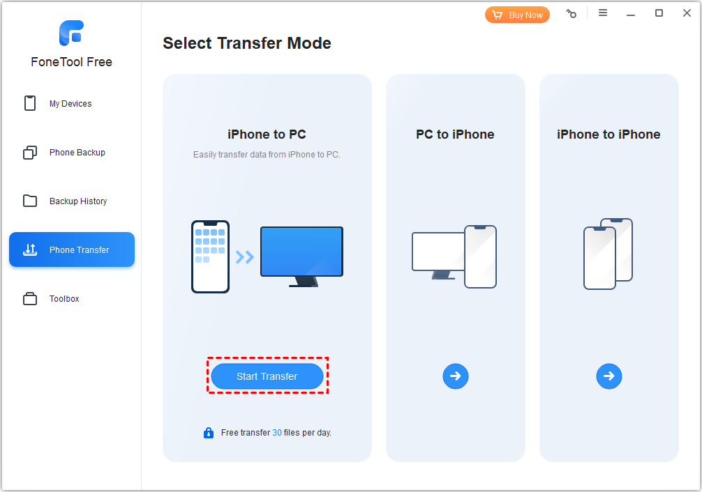 Step 1: Open FoneTool on your PC > Locate the Phone Transfer option on the toolbar, select iPhone to PC, and then click Start Transfer.
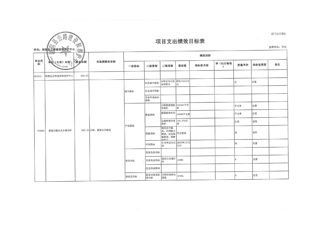 | 公开主体 | 湘阴县公路建设和养护中心 | ||
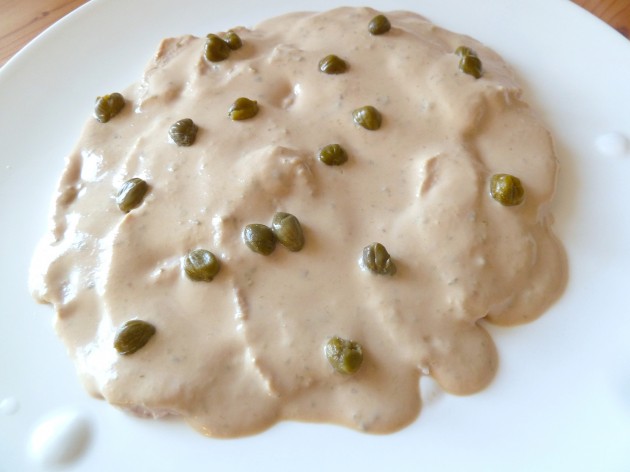 In una ciotola mettere i tuorli, l’aceto, un pizzico di sale e mescolare il tutto con una frusta a mano. Aggiungere l’olio d’oliva e continuare a mescolare. Nel mixer frullare il tonno sgocciolato, i capperi dissalati e le acciughe dissalate e private della lisca centrale. Unire il composto ottenuto alla maionese e mescolare fino ad ottenere un composto omogeneo e denso. A piacere aggiungere un po’ di aceto di vino o del succo di limone.
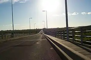 En el km 7,8 se encuentra el acceso a la ciudad de Colón. Más adelante, en el km 11,6 se encuentra el puesto aduanero y finalmente en el km 12,9 comienza el viaducto que conduce al puente.
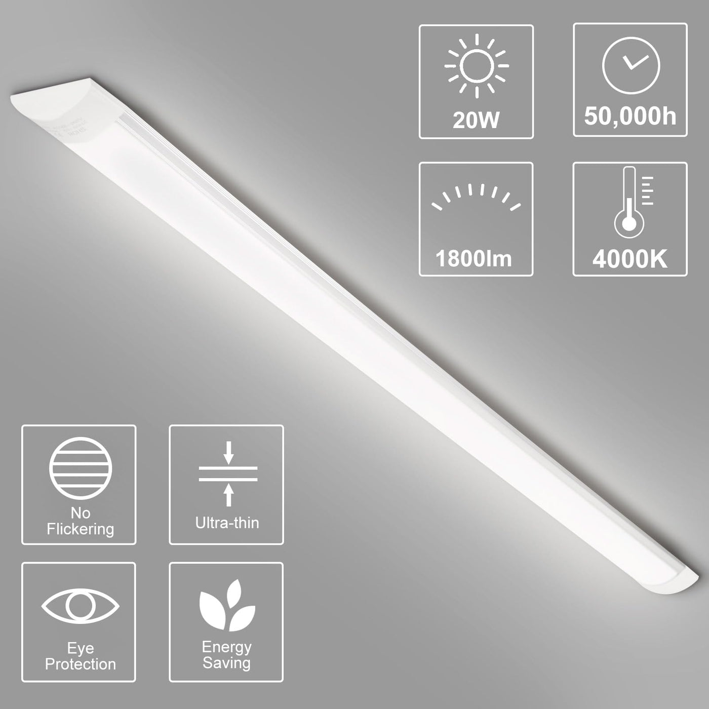 Jazoctig 2-Pack 2Ft Led Batten, Close To Ceiling Light Fixtures, 20W, Ultra-Thin Day Light, 4000K, Ip20, Led Ceiling Light For G
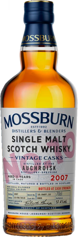 Виски "Vintage Casks" No.10 Auchroisk, 2007 был дистиллирован на винокуренном заводе Отруск в 2007 году. После этого виски выдерживался 11 лет в дубовой бочке № 10.0407.10. Розлив виски 23 августа 2018 года без холодной фильтрации и дополнительного окрашивания осуществила компания Моссберн.
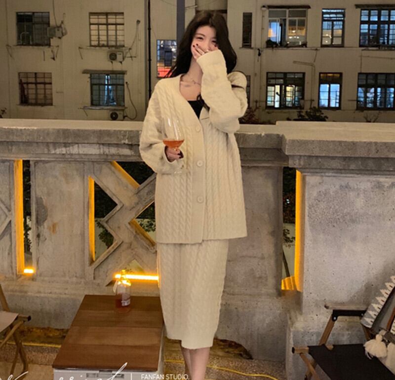 【送料無料】3色 セットアップ 2点セット 長袖ニット カーディガン ロングスカート 長袖 大人可愛い カジュアル シンプル 大人 上品 おしゃれ お洒落 こなれ感 エレガント 主役級 存在感 とろみ感 抜け感 レディース 無地 秋 冬 20代 30代 40代 デート 女子会 休日 着回し 普段使い 韓国 韓国系 オルチャン ファッション コーデ スタイル モテ トレンド 流行 インスタ映え フリーサイズ ゆったり ゆる ワンサイズ グレー ベージュ ピンク db4085
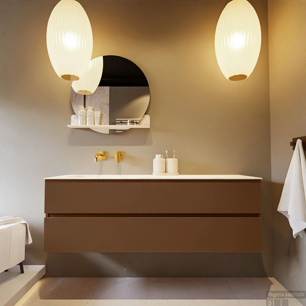 De buitengewone mooie badmeubel set VICA DLUX is een schitterend pronkstuk in uw badkamer. De gemarmerde Solid Surface wastafel van CORIAN heeft een fraaie en tijdloze uitstraling. Door de zachte en natuurlijke vorm van de wastafel, gecombineerd met de tijdloze en prachtige badmeubel onderkast past de VICA-DLUX goed bij de diverse stijlen badkamers. Om uw badkamer compleet te af te stijlen hebben wij ook de nissen en spiegelhouders in dezelfde kleur als de wastafel. Zoals de nissen en spiegel planchetten. De serie VICA DLUX bestaat uit de 2 of 4 laden onderkast VICA gecombineerd met een CORIAN Solid Surface wastafel met marmer structuur. De Solid Surface CORIAN wastafel is in 5 marmer looks verkrijgbaar. Met deze badkamermeubel set heeft u wel die mooie marmeren uitstraling maar tevens ook het gemak en de hygiëne van Solid Surface.
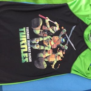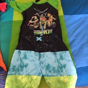 Excellent used condition boys' swim trunks in size M (ages 8-10). Can throw in matching Ninja Turtles rash guard (Nickelodeon) for free.
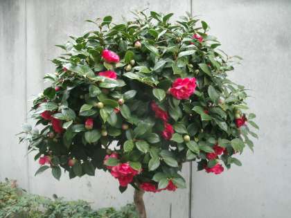 給食室前のツバキの花が一気に開きました。
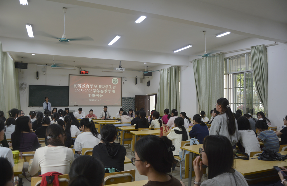 在五合校区综合楼110教室召开2026年春季学期团委学生会工作例会。学院党委副书记何健、团委书记李欣、学工办辅导员及团委学生会全体成员参会。
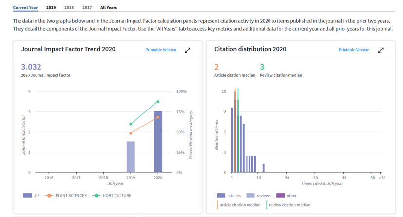 6月30日,科睿唯安发布2020年《期刊引证报告》(JCR)。禁漫 蔬菜花卉所主办期刊Horticultural Plant Journal (HPJ,《园艺学报》英文)影响因子达到3.032,是2019年的首个影响因子(1.524)近2倍,总被引频次418次,较2019年数据(212次)提高97%,2项重要引证指标显著提升!HPJ位居园艺学科第5名(共37种期刊),晋升Q1区!

**Problem to work on**
Copy out every line of the material above exactly, skipping the pictures.

**Solution for this task**
 Step 1: Open FoneTool on your PC > Locate the Phone Transfer option on the toolbar, select iPhone to PC, and then click Start Transfer.
 | 公开主体 | 湘阴县公路建设和养护中心 | ||
 In una ciotola mettere i tuorli, l’aceto, un pizzico di sale e mescolare il tutto con una frusta a mano. Aggiungere l’olio d’oliva e continuare a mescolare. Nel mixer frullare il tonno sgocciolato, i capperi dissalati e le acciughe dissalate e private della lisca centrale. Unire il composto ottenuto alla maionese e mescolare fino ad ottenere un composto omogeneo e denso. A piacere aggiungere un po’ di aceto di vino o del succo di limone.
 En el km 7,8 se encuentra el acceso a la ciudad de Colón. Más adelante, en el km 11,6 se encuentra el puesto aduanero y finalmente en el km 12,9 comienza el viaducto que conduce al puente.
 Jazoctig 2-Pack 2Ft Led Batten, Close To Ceiling Light Fixtures, 20W, Ultra-Thin Day Light, 4000K, Ip20, Led Ceiling Light For G
 Виски "Vintage Casks" No.10 Auchroisk, 2007 был дистиллирован на винокуренном заводе Отруск в 2007 году. После этого виски выдерживался 11 лет в дубовой бочке № 10.0407.10. Розлив виски 23 августа 2018 года без холодной фильтрации и дополнительного окрашивания осуществила компания Моссберн.
 【送料無料】3色 セットアップ 2点セット 長袖ニット カーディガン ロングスカート 長袖 大人可愛い カジュアル シンプル 大人 上品 おしゃれ お洒落 こなれ感 エレガント 主役級 存在感 とろみ感 抜け感 レディース 無地 秋 冬 20代 30代 40代 デート 女子会 休日 着回し 普段使い 韓国 韓国系 オルチャン ファッション コーデ スタイル モテ トレンド 流行 インスタ映え フリーサイズ ゆったり ゆる ワンサイズ グレー ベージュ ピンク db4085
 De buitengewone mooie badmeubel set VICA DLUX is een schitterend pronkstuk in uw badkamer. De gemarmerde Solid Surface wastafel van CORIAN heeft een fraaie en tijdloze uitstraling. Door de zachte en natuurlijke vorm van de wastafel, gecombineerd met de tijdloze en prachtige badmeubel onderkast past de VICA-DLUX goed bij de diverse stijlen badkamers. Om uw badkamer compleet te af te stijlen hebben wij ook de nissen en spiegelhouders in dezelfde kleur als de wastafel. Zoals de nissen en spiegel planchetten. De serie VICA DLUX bestaat uit de 2 of 4 laden onderkast VICA gecombineerd met een CORIAN Solid Surface wastafel met marmer structuur. De Solid Surface CORIAN wastafel is in 5 marmer looks verkrijgbaar. Met deze badkamermeubel set heeft u wel die mooie marmeren uitstraling maar tevens ook het gemak en de hygiëne van Solid Surface.
 Excellent used condition boys' swim trunks in size M (ages 8-10). Can throw in matching Ninja Turtles rash guard (Nickelodeon) for free.
 給食室前のツバキの花が一気に開きました。
 在五合校区综合楼110教室召开2026年春季学期团委学生会工作例会。学院党委副书记何健、团委书记李欣、学工办辅导员及团委学生会全体成员参会。
 6月30日,科睿唯安发布2020年《期刊引证报告》(JCR)。禁漫 蔬菜花卉所主办期刊Horticultural Plant Journal (HPJ,《园艺学报》英文)影响因子达到3.032,是2019年的首个影响因子(1.524)近2倍,总被引频次418次,较2019年数据(212次)提高97%,2项重要引证指标显著提升!HPJ位居园艺学科第5名(共37种期刊),晋升Q1区!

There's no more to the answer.